All in all, it is quite obvious that the bull market is alive and well, and will eventually resolve to the upside. In the intermediate term, though, there are definitely mixed signals being produced, particularly with the technical indicators. As traders, it is important to take what the market gives -- and for this reason, it makes sense to be hedged, or look for both bearish and bullish setups here. It would be advisable to continue to look at housing and consumer discretionary names as potential longs, while select big banks and materials look weak.

Below are some observations that seem to be occurring in the market:-

1. A lot of retail names and apparel names look good, but it is difficult to find anything on the short side to pair them with.

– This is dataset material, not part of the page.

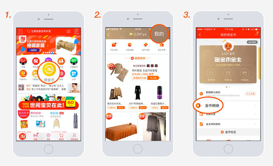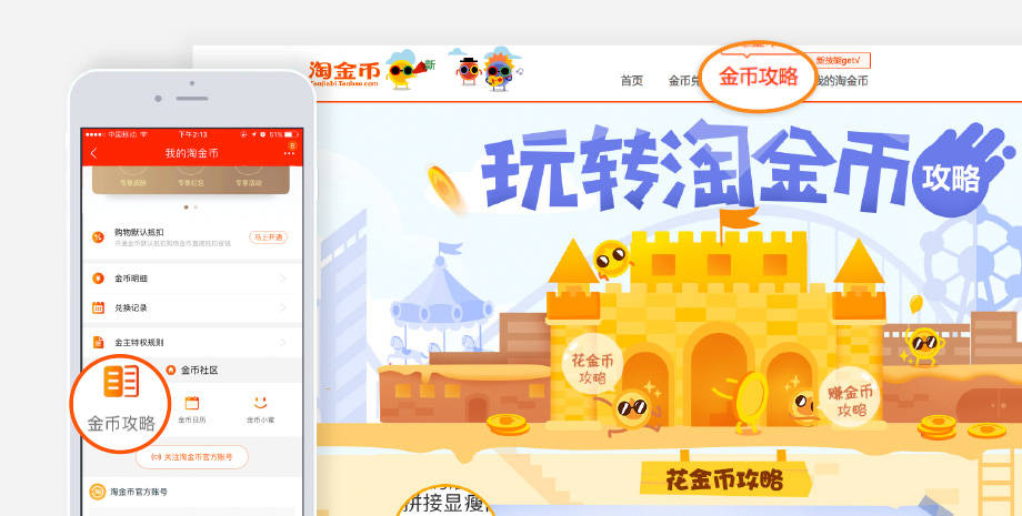 “手机淘宝—领金币—我的—金币攻略”查看金币使用规则或

2. Homebuilders are looking stronger and stronger every day and many are trading near multi-year highs. If you aren't in them already, it's a little tough to enter right here.....there's still a lot of skepticism toward the builders, though.

3. Some of the building materials stocks also look decent, if you don't want to jump on the homebuilders directly. Owens Corning (OC) is one stock that has stood out recently.

4. Regional banks that have solid chart set-ups seem a buy, while larger financial firms don't look so hot. Names like U.S. Bancorp (USB), Comerica (CMA), and Northern Trust (NTRS) all look intriguing, while Citigroup (C) and Morgan Stanley (MS) provide jitters for the investor.

5. Coal stocks also are on the scare list. In particular, Peabody Energy (BTU) looks vulnerable right here.